# A line segment has endpoints at (5 ,8 ) and (7 ,4). If the line segment is rotated about the origin by pi , translated horizontally by -1 , and reflected about the y-axis, what will the line segment's new endpoints be?

Jan 21, 2016

$\left(6 , - 8\right) , \left(8 , - 4\right)$

#### Explanation:

We can create a rule for this transformation.

Assume the original endpoints of the segment can be described as color(red)((x,y).

The first way in which the segment is manipulated is with a rotation of $\pi$, or ${180}^{\circ}$. This translates by taking the opposite of the $x$ and $y$ values of the point, or our new "rule" for this point in the transformation: color(red)((-x,-y)

The endpoints are then translated horizontally by $- 1$. Horizontal movement corresponds to the $x$ coordinate, whereas vertical corresponds to the $y$ coordinate.

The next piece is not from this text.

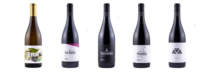Y elaboran cuatro tintos (mencía) y un blanco.Su entrada de gama es Cruz de San Andrés, en homenaje a su pueblo y a su bandera. Un mencía roble con seis meses de barrica muy vivo y muy sabroso. Buencomiezo procede de una única parcela de cepas viejas que envejece 12 meses en barrica de roble francés y un año en botella. Y el resultado es un vino elegante con los taninos perfectamente pulidos y en perfecta armonía entre la fruta y los aromas de la crianza. Montelíos es, como ellos le denominan, un vino de leyenda, de esa parcela de cepas centenarias, bajo el castro de San Andrés, con suelos de arcilla y pizarra descompuesta y ampliamente soleada hasta que se expiran los últimos rayos del sol del Bierzo. Producen solo 900 botellas. Las uvas fermentan con sus propias levaduras en depósito de inox para luego envejecer 18 meses en barricas de 300 litros y todo lo que precise en botella. ‘Es un gran vino de guarda’, afirma Adrián. Y completa la gama de tintos, Metáfora, una mencía de ánfora. ‘Seleccionamos las uvas de una parcela de 50 años del bahillo, recuperamos el pisado tradicional, con raspón y lo críamos en pequeñas ánforas de terracota’, nos cuenta Adrián, que reconoce que Metáfora es su debilidad. ‘Me encanta, es fresco, es frutal y con un marcado carácter mineral’. Sin duda, cuatro mencías excelentes, perfectos y claramente representativos del Bierzo a un precio insólito dado el trabajo y la calidad (entre los 8 y los 18 euros).
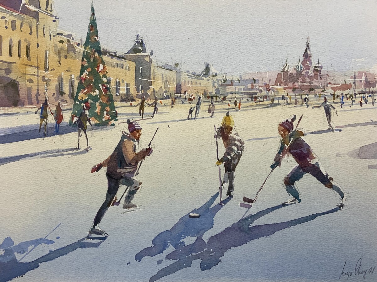 Каток на Красной площади (Анна Чайникова, акварель)

Since this has been horizontally shifted, the new rule, working off the most previous rule, is: color(red)((-x-1,-y)

The final transformation is a reflection over the $y$ axis, which means that the $x$ coordinate's sign is flipped: color(red)((x+1,-y)

This is the rule for the entire transformation. Apply it to the points $\left(5 , 8\right)$ and $\left(7 , 4\right)$.

$\left(5 , 8\right) \rightarrow \left(6 , - 8\right)$

$\left(7 , 4\right) \rightarrow \left(8 , - 4\right)$